The following is based on a rUv tutorial

Reference:  https://gist.github.com/ruvnet/5cf24851841a120198f43e9639dba7a5

A `LionAGI` Implementation

## Mixture of Experts (MoE)

A **Mixture of Experts (MoE)** is a machine learning approach designed to enhance model performance by using multiple specialized models, called "experts." A gating model dynamically selects the most relevant expert(s) for each input, allowing the system to leverage the most appropriate expertise, thus improving overall accuracy and efficiency.

#### How MoE Works

1. **Training Experts**:
   - Multiple expert models are trained, each specializing in different aspects of the input data or different tasks.
   
2. **Gating Model**:
   - A neural network that dynamically assigns weights to these experts based on the input's features.
   - Routes the data to the most suitable expert(s).

3. **Combining Outputs**:
   - The outputs from the selected experts are combined, usually through a weighted sum, to produce the final result.
   - This enables the system to handle complex and diverse tasks more effectively than a single model.

#### Benefits of MoE

- **Scalability**:
  - MoE can scale model capacity without a proportional increase in computational cost.
  - Activates only a subset of experts for each input, maintaining high performance while managing resource usage.
  
- **Efficiency**:
  - Ideal for applications requiring high throughput and low latency, such as real-time translation and large-scale recommendation systems.
  
- **Accuracy**:
  - Achieves more accurate and tailored outputs by leveraging specialized knowledge from different experts.

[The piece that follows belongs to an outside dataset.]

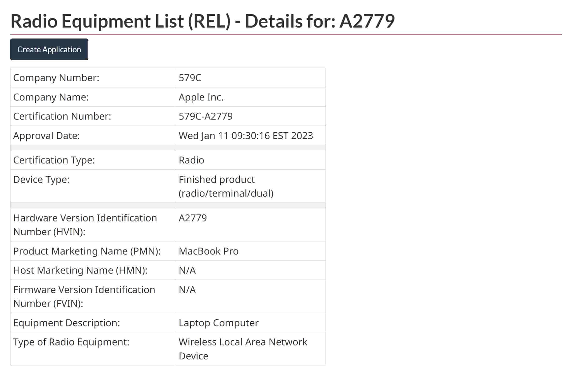 Well according to a user on twitter who posted the information that New Apple MacBook Pro model A2779 seen in Industry Canada Radio Equipment List database. Approved on January 11, 2023. Likely the new M2 Max or M2 Pro. The device will support WiFi 6E / 6GHz band.

MoE is a versatile tool that improves the efficiency and effectiveness of AI models in a wide range of applications, making it a powerful approach in modern machine learning.

In this tutorial, we will go through how to implement such a system using agentic framework `lionagi`. 

First we need to install the package, using `pip`

In [None]:
%pip install lionagi==0.2.4     # if in ipynb
# !pip install lionagi==0.2.4       # if on colab

In [1]:
# let us import lionagi and check the version
import lionagi as li

print(li.__version__)

0.2.4


In [2]:
# set logging, which is for debugging
import logging

logging.basicConfig(level=logging.INFO, format='%(asctime)s - %(levelname)s - %(message)s')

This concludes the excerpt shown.